Starożytne Stegadony są największymi i najbardziej morderczymi przedstawicielami swojego gatunku. Z biegiem lat, ich skóra staje się grubsza, rogi większe, a pozycja w stadzie bardziej dominująca. Zachowanie niektórych Stegadonów przestaje być nawet wybuchowe. Na ich grzbietach przejeździło już tyle różnych oddziałów Skinków, że bestie zdążyły przyzwyczaić się do ciągłej zmiany opiekunów. Każda załoga traktuje swojego Stegadona ze wszelkimi honorami, a najstarsze osobniki są obdarzane szczególnym rodzajem czci. Wiele załóg wbija w skórę swojej bestii złotą lub brązową płytę pokrytą runami. Ma to głównie na celu oznaczenie jej statusu, lecz zapewnia także dodatkową ochronę. Najstarszym osobnikiom zakłada się na głowę specjalnie wzmocnioną maskę, a liczne rogi przyozdabia się pięknymi bransoletami oraz ostrymi, metalowymi końcówkami.
Gdy Starożytne Stegadony idą na wojnę, często niosą na swoich grzbietach wyrzutnie dmuchawek. Działa te wystrzeliwują w powietrze chmarę pocisków, które rozdzielają się w locie, by zalać przeciwnika deszczem zatrutych strzałek. Skinkowie nazywają tę przerażającą broń „Żądłem Soteka”. Najstarsze Stegadony osiągnęły siłę i posłuszeństwo, które sprawiają, że pozwala się im nosić starożytne artefakty, znane jako Maszyny Bogów. Jeśli jaszczuroludzie posiadali kiedykolwiek wiedzę o tym, jak je zbudować, to już dawno ją utracili.
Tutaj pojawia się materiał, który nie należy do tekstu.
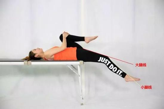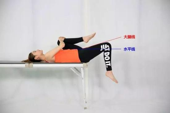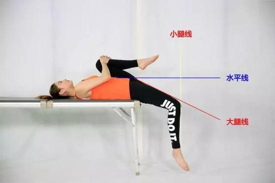 测试方法:该方法可综合测试下肢紧张度,但由于自己无法观察到身体位置,所以需要一名同伴来进行观察评价。需要一张结实的桌子,或者比较高的床,臀部坐在桌子或者床的边缘。平躺,一侧手用力抱膝,将一侧腿自然放下,主要观察放下一侧腿的位置。
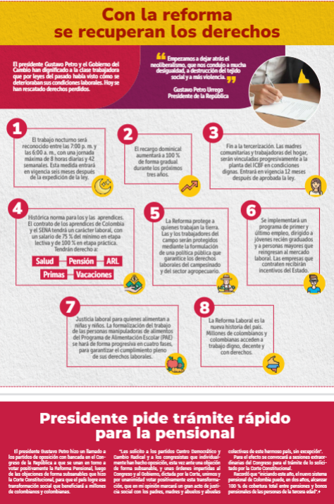 Luego de la sanción de la Ley Laboral, en la Quinta de Bolívar de Bogotá, el presidente Gustavo Petro aseguró que “la forma de hacer cumplir esta ley es que haya organización entre los trabajadores y las trabajadoras’ y es desde este momento en que empieza “una fase de organización de la clase trabajadora de Colombia’.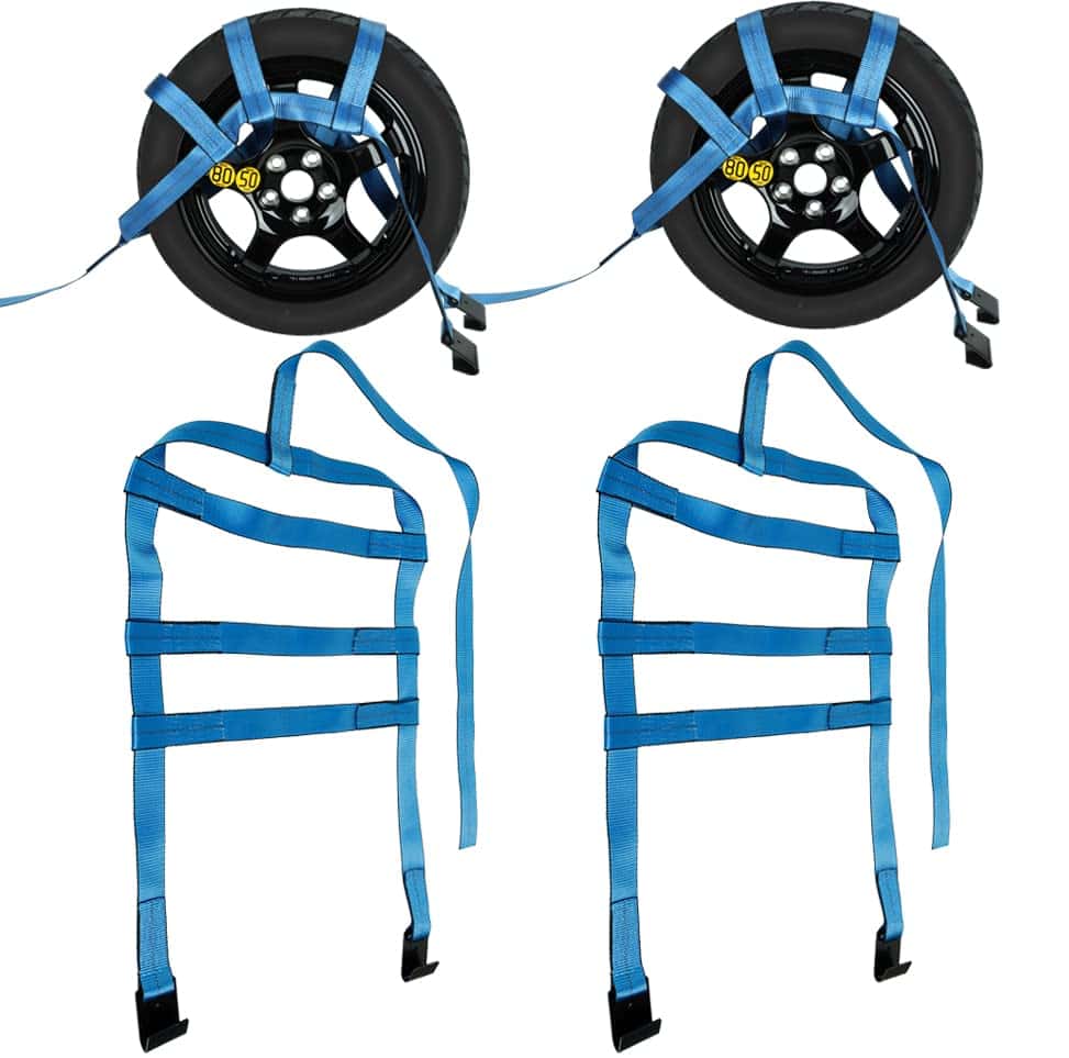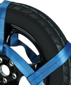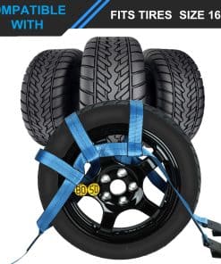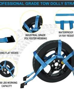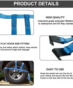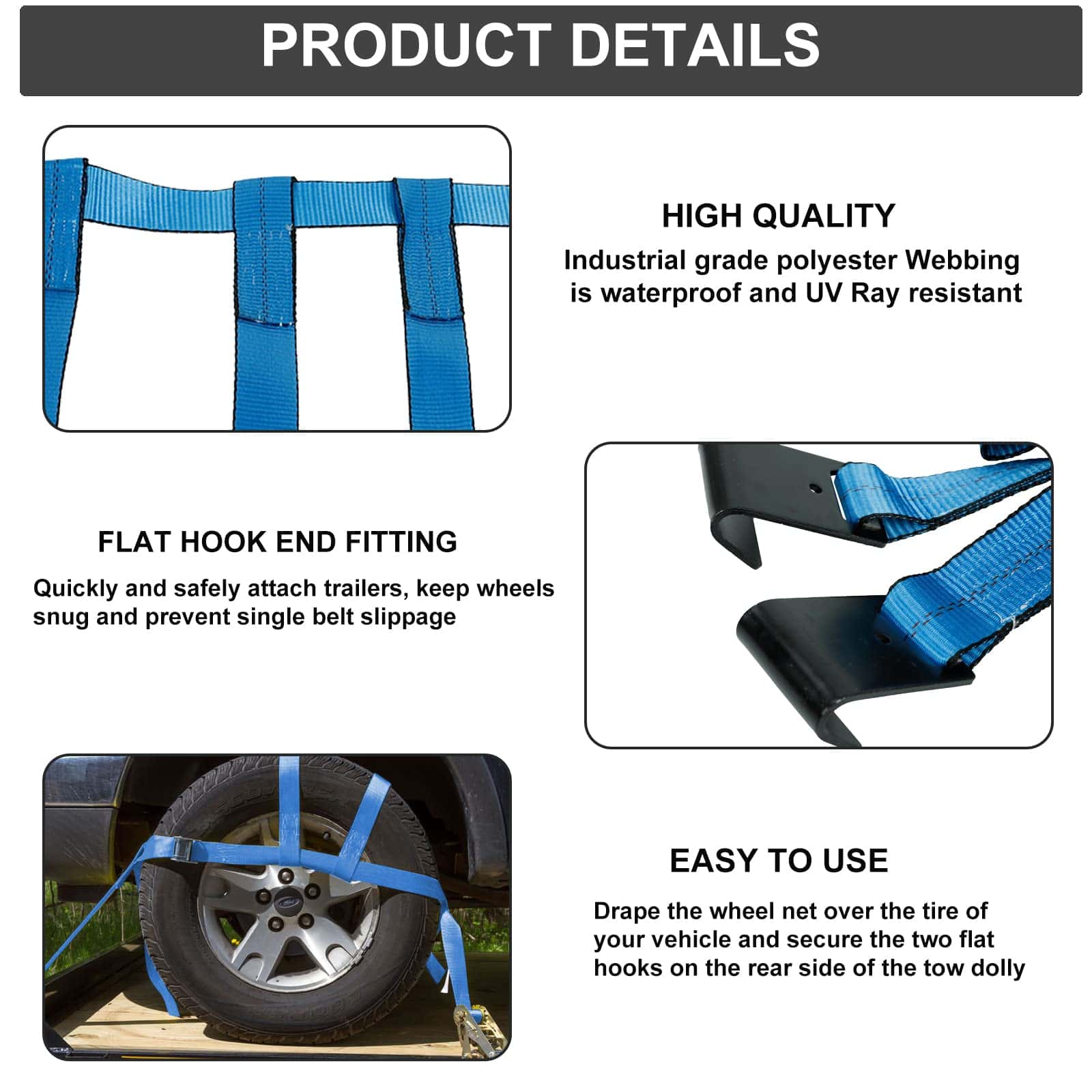 1. Protección avanzada de doble borde: Resistencia a la abrasión; Protección contra rayos UV, suciedad, y agua. 2. Hecho con cinta de poliéster industrial de 2 pulgadas para una resistencia máxima. Límite de carga de trabajo (LCW): 3,335 lb, Resistencia a la rotura: 10,000 lb. Fácil de instalar y mantener apretado y antideslizante cuando se utiliza. 3. Se adapta a tamaños de LLANTA de 15″ a 20″ en los remolques de vehículos de remolque Kar Kaddy de Demco y de 16″ a 20″ en otras marcas de remolques de vehículos de remolque. 4. Utiliza ganchos planos de 2″ en un extremo y un extremo libre de 5 pies en el otro lado para poder ser trincado. Tapas que van a través de los neumáticos de 17 1/2″. 5. Antes de comprar este producto, verifique el modelo que adquirió. Si tiene alguna pregunta, puede contactarnos por correo electrónico para asegurarle una verdadera preocupación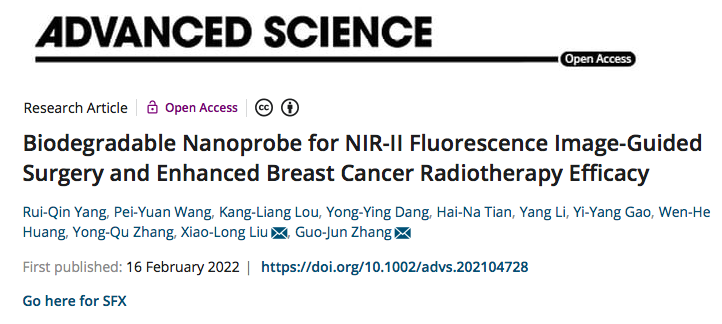 近日,厦门大学附属翔安医院执行院长、医学院张国君教授团队及中科院福建物质结构研究所刘小龙教授团队在国际知名综合性期刊Advanced Science(IF 16.8)上联合发表论文“Biodegradable Nanoprobe for NIR-II Fluorescence Image-Guided Surgery and Enhanced Breast Cancer Radiotherapy Efficacy”,阐述了一种基于生物体内可降解纳米探针、可用于乳腺癌手术导航和放疗增敏的多功能诊疗平台。OD网页版,OD(中国)博士研究生杨瑞钦及中国科学院福建物质结构研究所王培园副研究员为本文共同第一作者,张国君教授及刘小龙教授为本文通讯作者。相关工作得到了国家自然科学基金、福建省科技重大专项专题等5项基金的资助。

Nie zapomnieli jednak, jak je aktywować. Gdy runy zostaną naciśnięte w odpowiedniej kolejności, artefakt wypełni się magicznymi energiami.
Maszyny Bogów mają tajemnicze właściwości. Mogą chronić oddziały jaszczuroludzi przed atakami lub wysyłać promienie, niszczące całe zastępy wrogów. Są w stanie nawet przefiltrować Wiatry Magii tak, by rzucanie zaklęć w pobliżu artefaktu stało się łatwiejsze. Istnieje tylko kilka Maszyn Bogów. Są one ukryte w skarbcach świątynnych i rzadko wyciągane. Czasami służą do ochrony najważniejszych kapłanów Skinków podczas podróży, lecz najczęściej używa się ich w trakcie wojny. Pierwszym jaszczuroczłekiem, który użył Maszyny Bogów, był Tehenhauin, kapłan Soteka. W trakcie Oblężenia Quetzy, zebrał on swoich wiernych i uciekł z nimi do dżungli. Cała grupa powróciła po trzech dniach. Wszyscy ujeżdzali Starożytne Stegadony, na których grzbietach spoczywały Maszyny Bogów. Dzięki ich wsparciu, jaszczuroludzie błyskawicznie pokonali skavenów. Od tamtego czasu, Maszyn Bogów używa się tylko wtedy, gdy jest to niezbędne, gdyż artefakty te są pozostałością po Pradawnych, a ich utrata może nieodwracalnie zaszkodzić Wielkiemu Planowi Jaszczuroludźi.